▶ [Records for this task]
◇ ◇ ◇ ◇ ◇ ◇ ◇

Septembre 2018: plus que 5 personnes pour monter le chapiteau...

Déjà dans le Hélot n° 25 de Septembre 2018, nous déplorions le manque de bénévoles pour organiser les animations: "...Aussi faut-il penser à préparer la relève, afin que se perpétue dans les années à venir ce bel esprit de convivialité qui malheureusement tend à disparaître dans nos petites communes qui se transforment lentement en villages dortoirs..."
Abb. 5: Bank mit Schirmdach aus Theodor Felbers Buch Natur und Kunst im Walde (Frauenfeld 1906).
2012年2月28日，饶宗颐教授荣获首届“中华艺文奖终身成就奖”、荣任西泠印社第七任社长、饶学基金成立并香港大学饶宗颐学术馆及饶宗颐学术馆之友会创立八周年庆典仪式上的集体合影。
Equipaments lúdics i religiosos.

◇ ◇ ◇ ◇ ◇ ◇ ◇

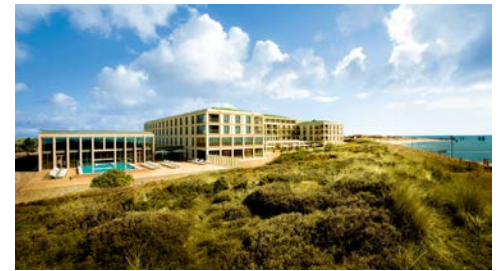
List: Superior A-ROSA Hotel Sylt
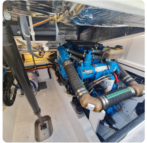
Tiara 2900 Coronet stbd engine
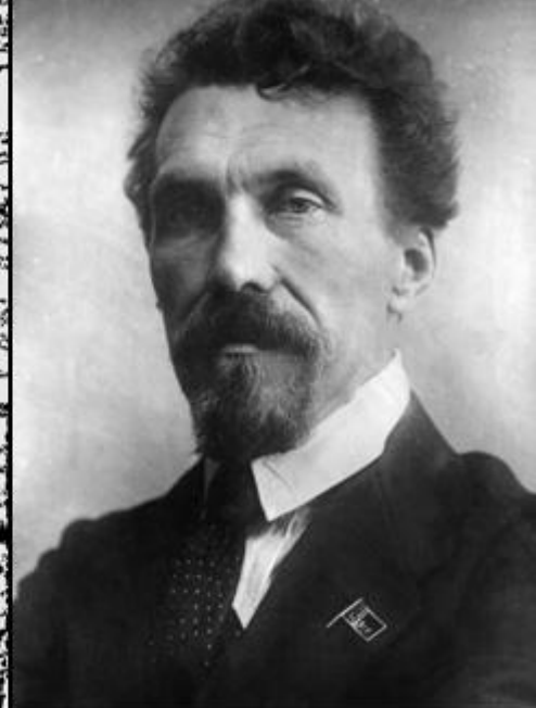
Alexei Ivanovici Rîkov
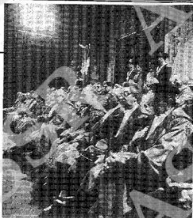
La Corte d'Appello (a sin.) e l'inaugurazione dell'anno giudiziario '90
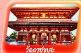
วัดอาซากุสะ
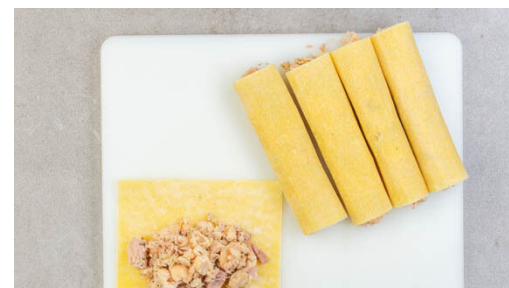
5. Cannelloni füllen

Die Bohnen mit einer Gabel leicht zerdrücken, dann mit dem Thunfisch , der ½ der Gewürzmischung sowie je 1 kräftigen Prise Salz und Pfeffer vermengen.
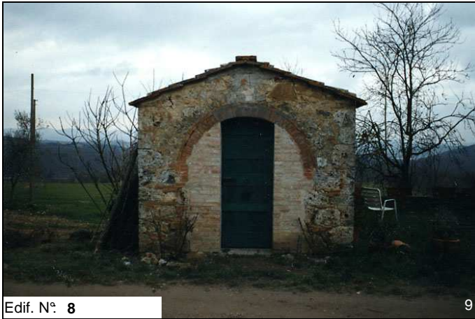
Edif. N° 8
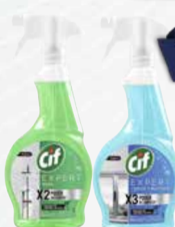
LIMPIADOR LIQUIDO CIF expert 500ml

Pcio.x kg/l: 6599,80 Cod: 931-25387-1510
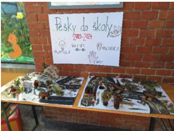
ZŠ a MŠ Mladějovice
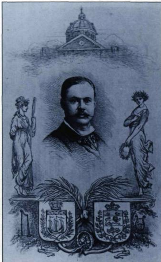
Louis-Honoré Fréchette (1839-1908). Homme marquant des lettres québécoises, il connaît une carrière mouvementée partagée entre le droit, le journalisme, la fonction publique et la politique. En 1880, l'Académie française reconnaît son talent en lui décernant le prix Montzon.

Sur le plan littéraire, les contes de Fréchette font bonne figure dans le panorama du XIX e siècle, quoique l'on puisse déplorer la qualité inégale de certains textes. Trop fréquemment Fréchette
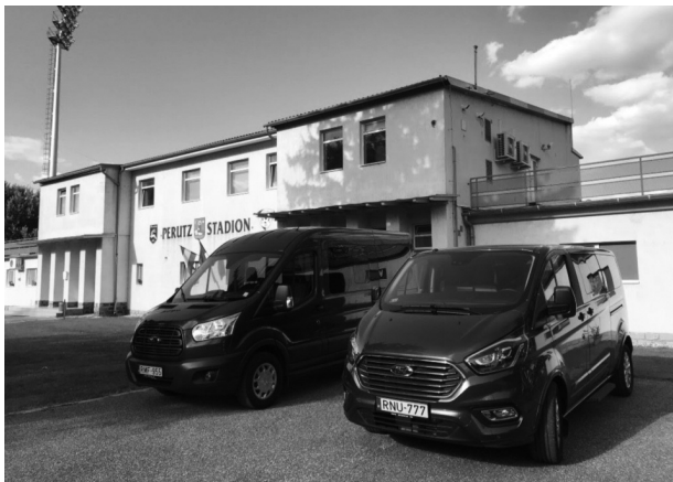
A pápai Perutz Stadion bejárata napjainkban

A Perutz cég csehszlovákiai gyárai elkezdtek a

◇ ◇ ◇ ◇ ◇ ◇ ◇

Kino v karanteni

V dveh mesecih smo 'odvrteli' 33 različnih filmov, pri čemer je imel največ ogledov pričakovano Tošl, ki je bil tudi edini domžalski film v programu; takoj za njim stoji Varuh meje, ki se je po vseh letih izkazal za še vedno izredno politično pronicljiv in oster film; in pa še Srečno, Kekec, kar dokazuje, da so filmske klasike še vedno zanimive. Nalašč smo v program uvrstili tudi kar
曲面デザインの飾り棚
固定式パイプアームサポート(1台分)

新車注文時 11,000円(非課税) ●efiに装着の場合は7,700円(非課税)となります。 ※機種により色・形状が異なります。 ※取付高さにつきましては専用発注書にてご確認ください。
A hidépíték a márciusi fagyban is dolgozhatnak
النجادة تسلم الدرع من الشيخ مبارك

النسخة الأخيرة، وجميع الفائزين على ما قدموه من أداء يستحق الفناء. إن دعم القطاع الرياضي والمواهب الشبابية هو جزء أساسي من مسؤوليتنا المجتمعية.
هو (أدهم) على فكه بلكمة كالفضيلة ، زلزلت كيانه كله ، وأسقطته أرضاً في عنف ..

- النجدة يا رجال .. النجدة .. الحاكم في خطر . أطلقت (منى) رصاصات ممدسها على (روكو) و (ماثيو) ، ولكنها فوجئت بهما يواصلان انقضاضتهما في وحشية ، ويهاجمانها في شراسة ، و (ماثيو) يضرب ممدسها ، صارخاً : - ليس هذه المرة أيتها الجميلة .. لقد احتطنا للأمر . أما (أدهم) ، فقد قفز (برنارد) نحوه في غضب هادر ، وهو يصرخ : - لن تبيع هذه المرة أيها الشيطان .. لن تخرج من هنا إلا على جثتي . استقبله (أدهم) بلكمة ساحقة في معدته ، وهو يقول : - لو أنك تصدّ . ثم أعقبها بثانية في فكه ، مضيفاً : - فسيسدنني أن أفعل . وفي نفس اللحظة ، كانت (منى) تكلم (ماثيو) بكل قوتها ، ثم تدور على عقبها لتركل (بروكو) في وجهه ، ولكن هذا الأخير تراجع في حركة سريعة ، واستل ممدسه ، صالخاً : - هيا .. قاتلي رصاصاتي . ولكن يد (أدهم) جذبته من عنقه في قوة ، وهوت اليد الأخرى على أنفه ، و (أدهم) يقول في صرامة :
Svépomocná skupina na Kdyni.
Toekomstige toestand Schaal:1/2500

◇ ◇ ◇ ◇ ◇ ◇ ◇

▶ [Task description] All pictures are to be skipped. Output, word for word, the lines in the data above starting at the line containing "Tiara 2900 Coronet stbd engine" and ending at the line containing "Louis-Honoré Fréchette (1839-1908).".

▶ [Response to the exercise]
Tiara 2900 Coronet stbd engine
Alexei Ivanovici Rîkov
La Corte d'Appello (a sin.) e l'inaugurazione dell'anno giudiziario '90
วัดอาซากุสะ
5. Cannelloni füllen

Die Bohnen mit einer Gabel leicht zerdrücken, dann mit dem Thunfisch , der ½ der Gewürzmischung sowie je 1 kräftigen Prise Salz und Pfeffer vermengen.
Edif. N° 8
LIMPIADOR LIQUIDO CIF expert 500ml

Pcio.x kg/l: 6599,80 Cod: 931-25387-1510
ZŠ a MŠ Mladějovice
Louis-Honoré Fréchette (1839-1908). Homme marquant des lettres québécoises, il connaît une carrière mouvementée partagée entre le droit, le journalisme, la fonction publique et la politique. En 1880, l'Académie française reconnaît son talent en lui décernant le prix Montzon.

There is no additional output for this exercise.